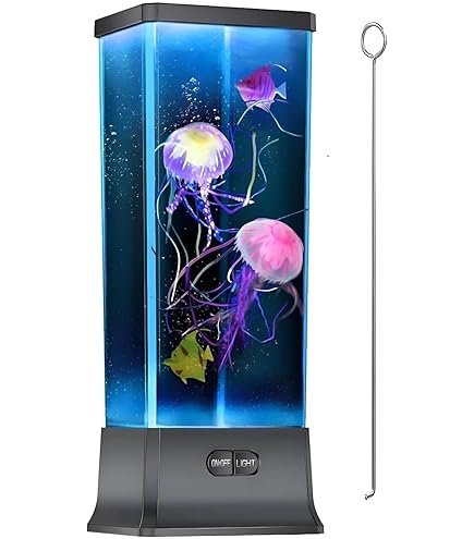 LAMPE AQUARIUM JELLYFISH 30CM - La Chaise Longue Lampe à lave USB LED Jellyfish - EUR 54,52.À VENDRE! C'est le choix de cadeau parfait pour les enfants, les adultes ou ceux qui souhaitent réduire l'anxiété ou favoriser la relaxation. Découvrez la vue fascinante de 2 méduses incroyablement réalistes flottant gracieusement alors qu'elles illuminent le réservoir, créant une expérience apaisante et relaxante. Lampe à lave Jellyfish, excellent cadeau pour les adultes, les enfants, les amoureux ou toute personne qui aime les aquariums. Couleur comme indiquéTaille : 11,6 x 11,6 x 30,5 cm Poids : 566 grammes La conception de la sortie d'eau a été modifiée et une plaque de fond en acrylique a été ajoutée pour empêcher les méduses de se coincer Cette lampe méduse est si facile à installer et dispose également d'un moteur sans balai longue durée et d'un couvercle rotatif à 360° étanche, permettant aux méduses de flotter librement tandis que l'eau reste bien fermée Ensemble de lumières d'ambiance méduses : le lot complet comprend 2 méduses, un câble USB, une télécommande et des instructions (français non garanti). L'interrupteur active un cycle automatique à travers 7 couleurs préprogrammées. La sortie d'eau et le fond en acrylique empêchent les méduses de se coincer La télécommande sans fil de 10 m incluse vous permet de personnaliser les effets d'éclairage, en choisissant parmi 17 couleurs, 4 modes et 3 niveaux de luminosité ! Lampe Poisson Tube Lumineux AONESY Lampe Meduse Aquarium,Lampe Lave 17 Couleurs Avec Télécommande, Lampe Relaxante Meduse Lampe Aquarium Jellyfish La lampe méduse est rechargeable, mais peut également être alimentée par des piles, ce qui la rend facilement portable - idéale pour les vacances ou pour se déplacer entre les pièces. Lumière méduse rechargeable : alimentez l'ambiance avec le câble de charge USB pratique ou le fonctionnement à piles (piles non fournies). Cette lampe méduse cool peut basculer entre 17 options de couleur, 4 modes clignotants et 3 niveaux de luminosité pour des effets personnalisables Tout ce dont vous avez besoin pour des effets d'éclairage fascinants que les enfants et les adultes vont adorer Bruit initial : lors de la première utilisation, l'air passant à travers la pompe à eau provoquera un bruit silencieux.
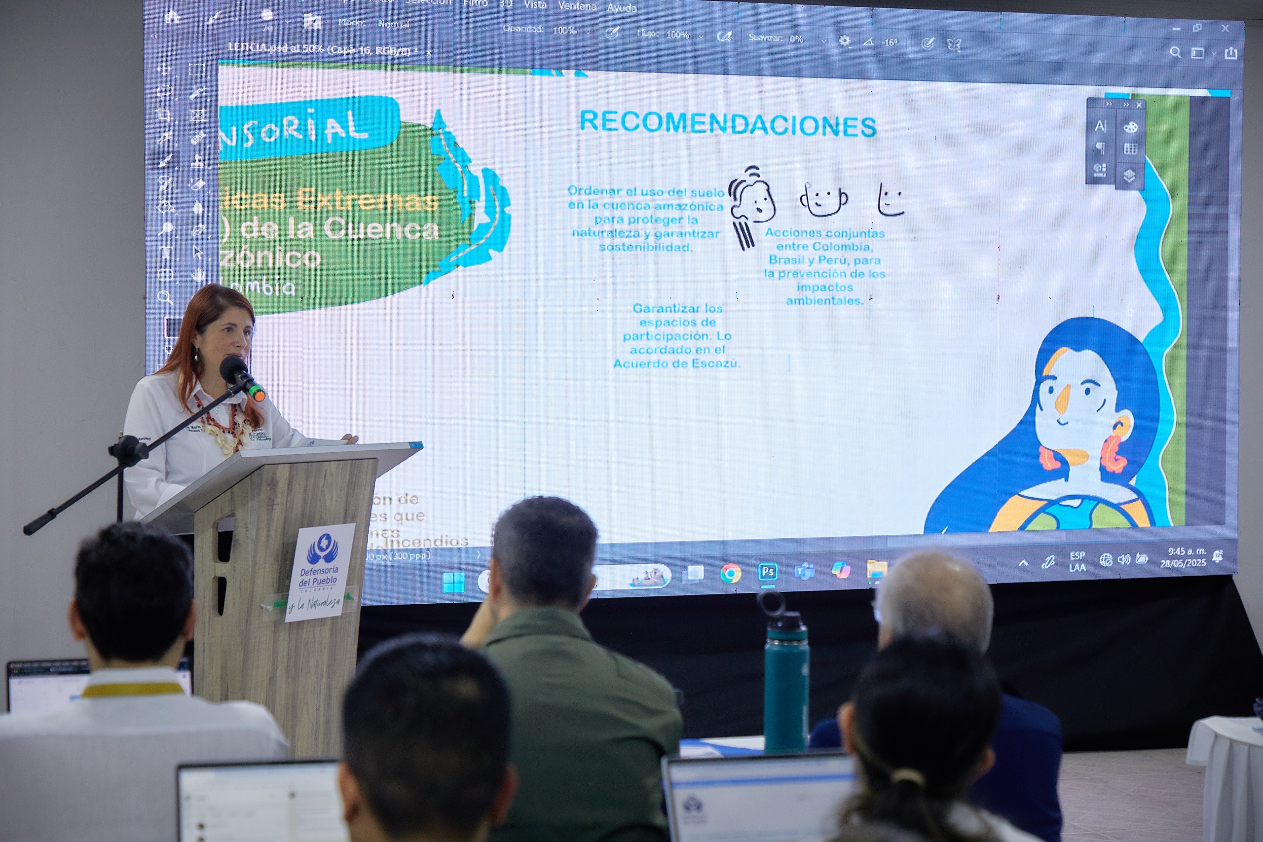 “También hacemos un llamado a las instituciones de derechos humanos en el ámbito internacional, particularmente a aquellas integradas en la Federación Iberoamericana del Ombudsperson (FIO), para que se evalúe la posibilidad de emitir un informe conjunto sobre las amenazas del cambio climático y la deforestación en la región amazónica de nuestros países. Visibilizar esta situación ante la comunidad internacional es una acción estratégica para fortalecer la cooperación ambiental transfronteriza y reforzar el cumplimiento de los compromisos multilaterales”, puntualizó la Defensora del Pueblo, Iris Marín Ortiz.
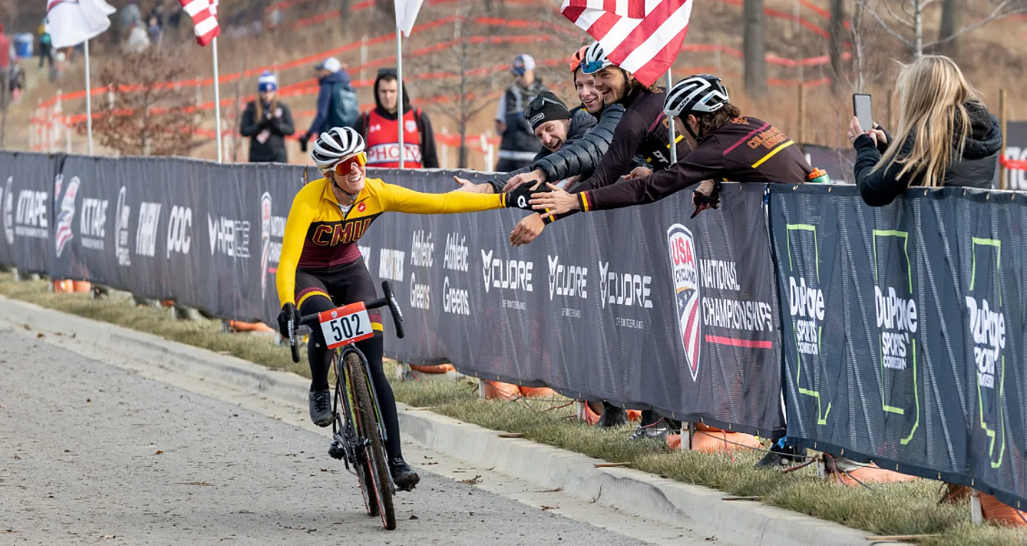 DUPAGE COUNTY, Ill. - On day five of the 2021 USA Cycling Cyclocross National Championships saw delayed start times due to a devastating wind storm the night before that continued into the morning. The expo saw multiple vendors sustain significant wind damage, but the course was prepared by the 10:30am pre-ride window. The first official race of the day kicked off at 11:00am.
· · · ·
Task requirements: Could you transcribe all of the data exactly, keeping every picture out of the copy?

Result of the task:
 LAMPE AQUARIUM JELLYFISH 30CM - La Chaise Longue Lampe à lave USB LED Jellyfish - EUR 54,52.À VENDRE! C'est le choix de cadeau parfait pour les enfants, les adultes ou ceux qui souhaitent réduire l'anxiété ou favoriser la relaxation. Découvrez la vue fascinante de 2 méduses incroyablement réalistes flottant gracieusement alors qu'elles illuminent le réservoir, créant une expérience apaisante et relaxante. Lampe à lave Jellyfish, excellent cadeau pour les adultes, les enfants, les amoureux ou toute personne qui aime les aquariums. Couleur comme indiquéTaille : 11,6 x 11,6 x 30,5 cm Poids : 566 grammes La conception de la sortie d'eau a été modifiée et une plaque de fond en acrylique a été ajoutée pour empêcher les méduses de se coincer Cette lampe méduse est si facile à installer et dispose également d'un moteur sans balai longue durée et d'un couvercle rotatif à 360° étanche, permettant aux méduses de flotter librement tandis que l'eau reste bien fermée Ensemble de lumières d'ambiance méduses : le lot complet comprend 2 méduses, un câble USB, une télécommande et des instructions (français non garanti). L'interrupteur active un cycle automatique à travers 7 couleurs préprogrammées. La sortie d'eau et le fond en acrylique empêchent les méduses de se coincer La télécommande sans fil de 10 m incluse vous permet de personnaliser les effets d'éclairage, en choisissant parmi 17 couleurs, 4 modes et 3 niveaux de luminosité ! Lampe Poisson Tube Lumineux AONESY Lampe Meduse Aquarium,Lampe Lave 17 Couleurs Avec Télécommande, Lampe Relaxante Meduse Lampe Aquarium Jellyfish La lampe méduse est rechargeable, mais peut également être alimentée par des piles, ce qui la rend facilement portable - idéale pour les vacances ou pour se déplacer entre les pièces. Lumière méduse rechargeable : alimentez l'ambiance avec le câble de charge USB pratique ou le fonctionnement à piles (piles non fournies). Cette lampe méduse cool peut basculer entre 17 options de couleur, 4 modes clignotants et 3 niveaux de luminosité pour des effets personnalisables Tout ce dont vous avez besoin pour des effets d'éclairage fascinants que les enfants et les adultes vont adorer Bruit initial : lors de la première utilisation, l'air passant à travers la pompe à eau provoquera un bruit silencieux.
 “También hacemos un llamado a las instituciones de derechos humanos en el ámbito internacional, particularmente a aquellas integradas en la Federación Iberoamericana del Ombudsperson (FIO), para que se evalúe la posibilidad de emitir un informe conjunto sobre las amenazas del cambio climático y la deforestación en la región amazónica de nuestros países. Visibilizar esta situación ante la comunidad internacional es una acción estratégica para fortalecer la cooperación ambiental transfronteriza y reforzar el cumplimiento de los compromisos multilaterales”, puntualizó la Defensora del Pueblo, Iris Marín Ortiz.
 DUPAGE COUNTY, Ill. - On day five of the 2021 USA Cycling Cyclocross National Championships saw delayed start times due to a devastating wind storm the night before that continued into the morning. The expo saw multiple vendors sustain significant wind damage, but the course was prepared by the 10:30am pre-ride window. The first official race of the day kicked off at 11:00am.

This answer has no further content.